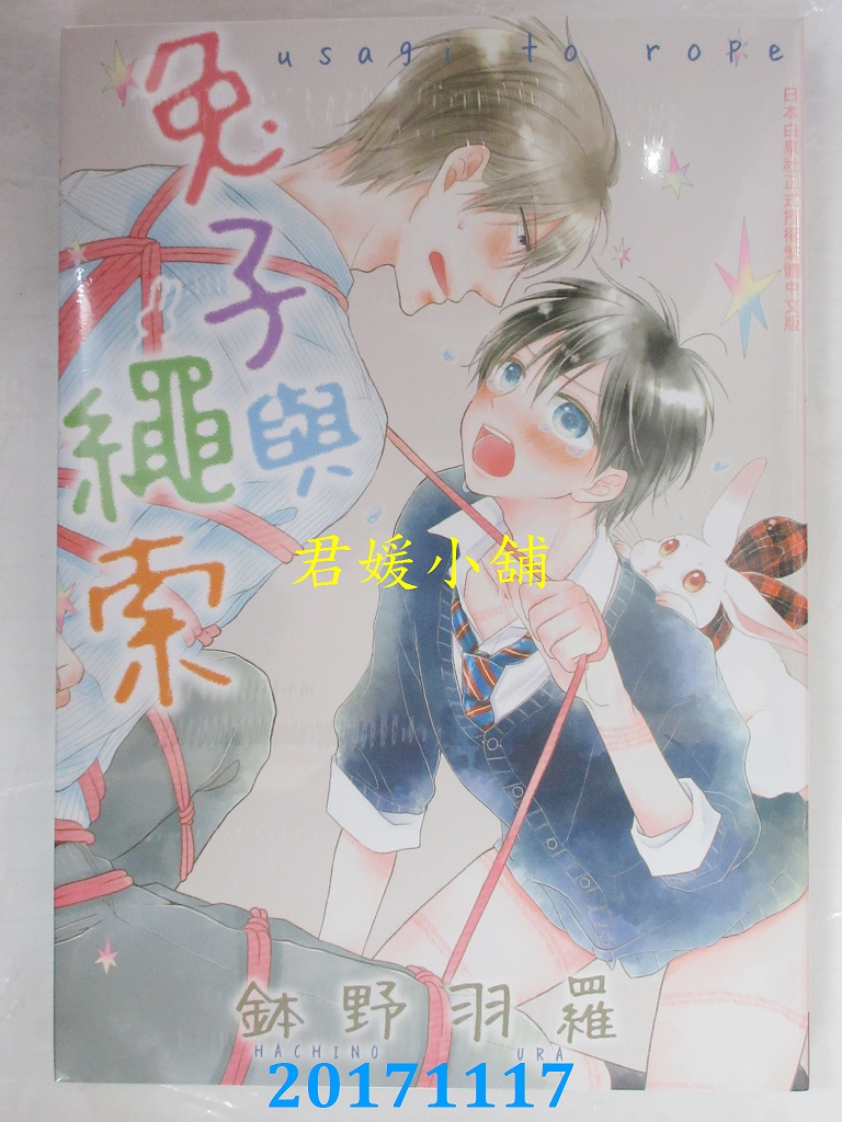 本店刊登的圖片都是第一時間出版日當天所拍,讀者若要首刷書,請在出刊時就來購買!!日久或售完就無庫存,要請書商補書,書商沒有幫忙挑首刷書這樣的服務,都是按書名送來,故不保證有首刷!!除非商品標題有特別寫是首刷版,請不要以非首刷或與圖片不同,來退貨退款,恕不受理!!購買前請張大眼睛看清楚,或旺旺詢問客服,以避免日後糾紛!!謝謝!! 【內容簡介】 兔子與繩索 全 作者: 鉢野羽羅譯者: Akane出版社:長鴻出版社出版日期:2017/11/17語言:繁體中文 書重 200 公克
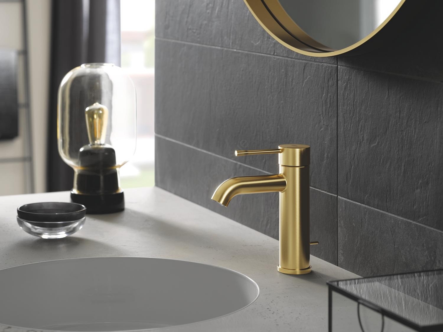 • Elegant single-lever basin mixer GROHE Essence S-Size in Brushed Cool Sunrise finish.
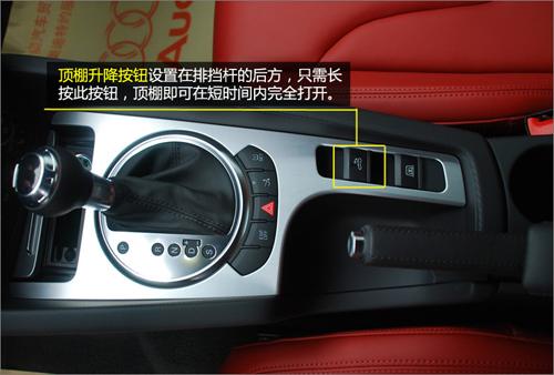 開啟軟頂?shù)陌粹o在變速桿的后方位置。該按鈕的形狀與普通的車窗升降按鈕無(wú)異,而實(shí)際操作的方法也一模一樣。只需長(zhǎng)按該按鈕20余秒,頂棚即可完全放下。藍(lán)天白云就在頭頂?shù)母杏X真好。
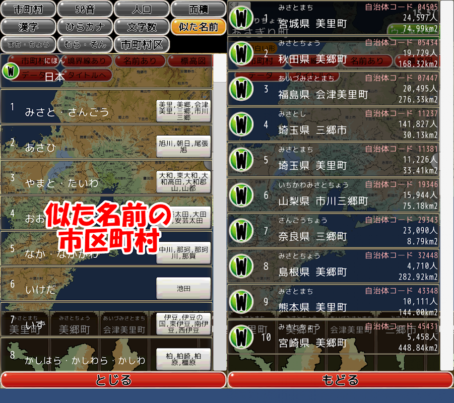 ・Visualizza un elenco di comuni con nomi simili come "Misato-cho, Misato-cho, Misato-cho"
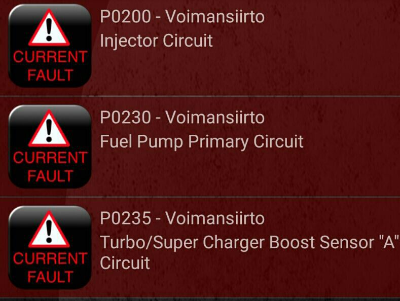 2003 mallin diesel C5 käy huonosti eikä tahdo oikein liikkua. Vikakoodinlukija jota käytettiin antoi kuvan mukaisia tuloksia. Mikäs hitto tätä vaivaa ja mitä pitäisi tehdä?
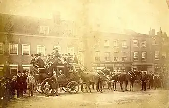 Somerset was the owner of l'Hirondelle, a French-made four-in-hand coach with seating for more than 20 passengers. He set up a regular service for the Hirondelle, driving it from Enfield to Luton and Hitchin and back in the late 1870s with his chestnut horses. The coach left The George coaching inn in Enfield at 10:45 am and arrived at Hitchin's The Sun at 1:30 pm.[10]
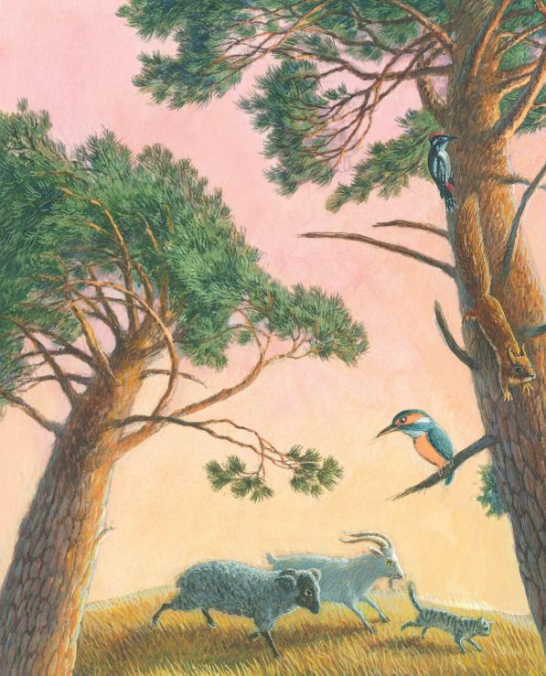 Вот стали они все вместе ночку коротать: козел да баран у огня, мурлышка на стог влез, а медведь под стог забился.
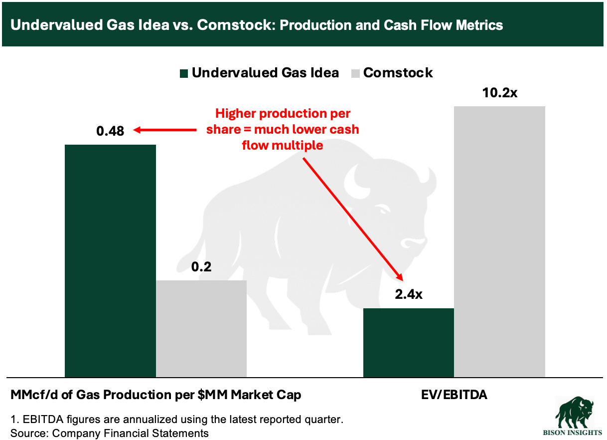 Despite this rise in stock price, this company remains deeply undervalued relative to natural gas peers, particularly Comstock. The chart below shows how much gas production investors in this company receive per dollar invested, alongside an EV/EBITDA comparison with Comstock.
******
**REQUIRED ACTION:** Restate the records word for word, omitting images.

**OUTPUT FOR THIS TASK:**
 本店刊登的圖片都是第一時間出版日當天所拍,讀者若要首刷書,請在出刊時就來購買!!日久或售完就無庫存,要請書商補書,書商沒有幫忙挑首刷書這樣的服務,都是按書名送來,故不保證有首刷!!除非商品標題有特別寫是首刷版,請不要以非首刷或與圖片不同,來退貨退款,恕不受理!!購買前請張大眼睛看清楚,或旺旺詢問客服,以避免日後糾紛!!謝謝!! 【內容簡介】 兔子與繩索 全 作者: 鉢野羽羅譯者: Akane出版社:長鴻出版社出版日期:2017/11/17語言:繁體中文 書重 200 公克
 • Elegant single-lever basin mixer GROHE Essence S-Size in Brushed Cool Sunrise finish.
 開啟軟頂?shù)陌粹o在變速桿的后方位置。該按鈕的形狀與普通的車窗升降按鈕無(wú)異,而實(shí)際操作的方法也一模一樣。只需長(zhǎng)按該按鈕20余秒,頂棚即可完全放下。藍(lán)天白云就在頭頂?shù)母杏X真好。
 ・Visualizza un elenco di comuni con nomi simili come "Misato-cho, Misato-cho, Misato-cho"
 2003 mallin diesel C5 käy huonosti eikä tahdo oikein liikkua. Vikakoodinlukija jota käytettiin antoi kuvan mukaisia tuloksia. Mikäs hitto tätä vaivaa ja mitä pitäisi tehdä?
 Somerset was the owner of l'Hirondelle, a French-made four-in-hand coach with seating for more than 20 passengers. He set up a regular service for the Hirondelle, driving it from Enfield to Luton and Hitchin and back in the late 1870s with his chestnut horses. The coach left The George coaching inn in Enfield at 10:45 am and arrived at Hitchin's The Sun at 1:30 pm.[10]
 Вот стали они все вместе ночку коротать: козел да баран у огня, мурлышка на стог влез, а медведь под стог забился.
 Despite this rise in stock price, this company remains deeply undervalued relative to natural gas peers, particularly Comstock. The chart below shows how much gas production investors in this company receive per dollar invested, alongside an EV/EBITDA comparison with Comstock.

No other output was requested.